Por Luis Ramón López
SANTIAGO.- Personas inescrupulosas se están dando a la tarea de destruir nuestras reservas boscosas en campos, sierras y ahora en la falda de la loma de Diego de Ocampo, en la cordillera septentrional, en Santiago, lo que constituye una verdadera amenaza a la biodiversidad.
El probrema es aún mayor, porque esta degradación de nuestros suelos, de nuestros recursos naturales, para dar paso al modernismo urbano, con la construcción de viviendas, villas y hoteles, sin importar el daño ecológico a la madre naturaleza que alberga en esa zona un ecosistema único, se desarrolla a la vista de las autoridades de Medioambiente.

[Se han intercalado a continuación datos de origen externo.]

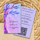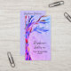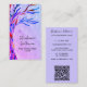 This modern business card is decorated with a rainbow-colored mosaic tree design on a purple background.

Ningún organismo ni entidad defensora de los recursos naturales, se han pronunciado en Santiago al parecer, antes esta estocada mortal a la loma del Pico Diego de Ocampo, en la ciudad corazón, que se ve de todo Santiago, la destrucción abusiva y despiadada contra ese monumento natural, que dá belleza y encantos a toda la región.

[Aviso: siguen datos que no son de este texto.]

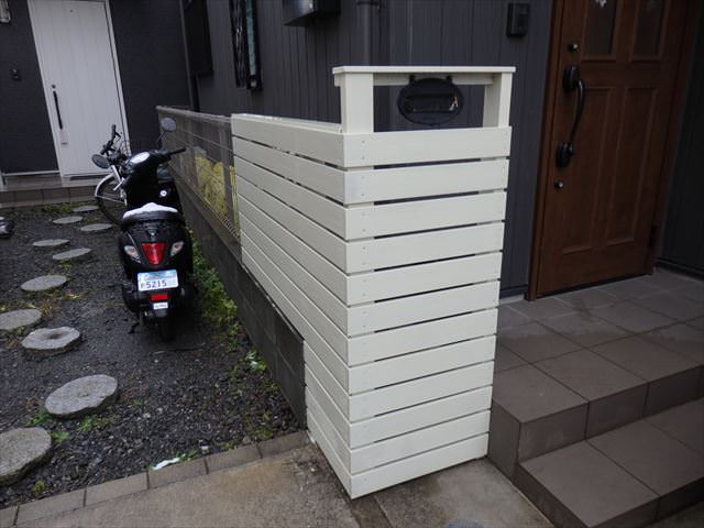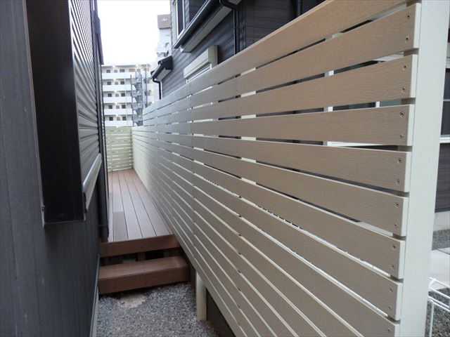 をしました。ウッドデッキの工事に付帯する工事としては玄関前から続く目隠しの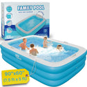 • This large inflatable pool measures approximately 90"x60"x19" when fully inflated, offering ample space for the whole family, both adults and kids.

Parece ser, que a nadie le interesa ciudar esos recursos natuales que allí habitan. Se comenzó desforestando para dar pasos a la quema de carbón, en varios lugares que se podían ver desde las alturas en los aviones en bajadas hacia su aterrizaje en el aeropuerto Cibao, la humereda de los hornos.
De seguir produciéndose el desmonte que se observa en la falda de la loma del Pico Diego de Ocampo en Santiago, en breve tiempo tendremos el cerro habitacional Diego de Ocampo, donde se levantarán lujosos apartamentos y viviendas, en anuncios en todo Santiago, como una de las mejores maravillas para vivir tranquilos en Santiago.
Con el calentamiento que se viene sintiendo en toda la geografia nacional, el lentamiento en esa zona de Santiago de complejos habitacionales, ocasionará más calor y menos lluvias para los santiagueros y la misma región.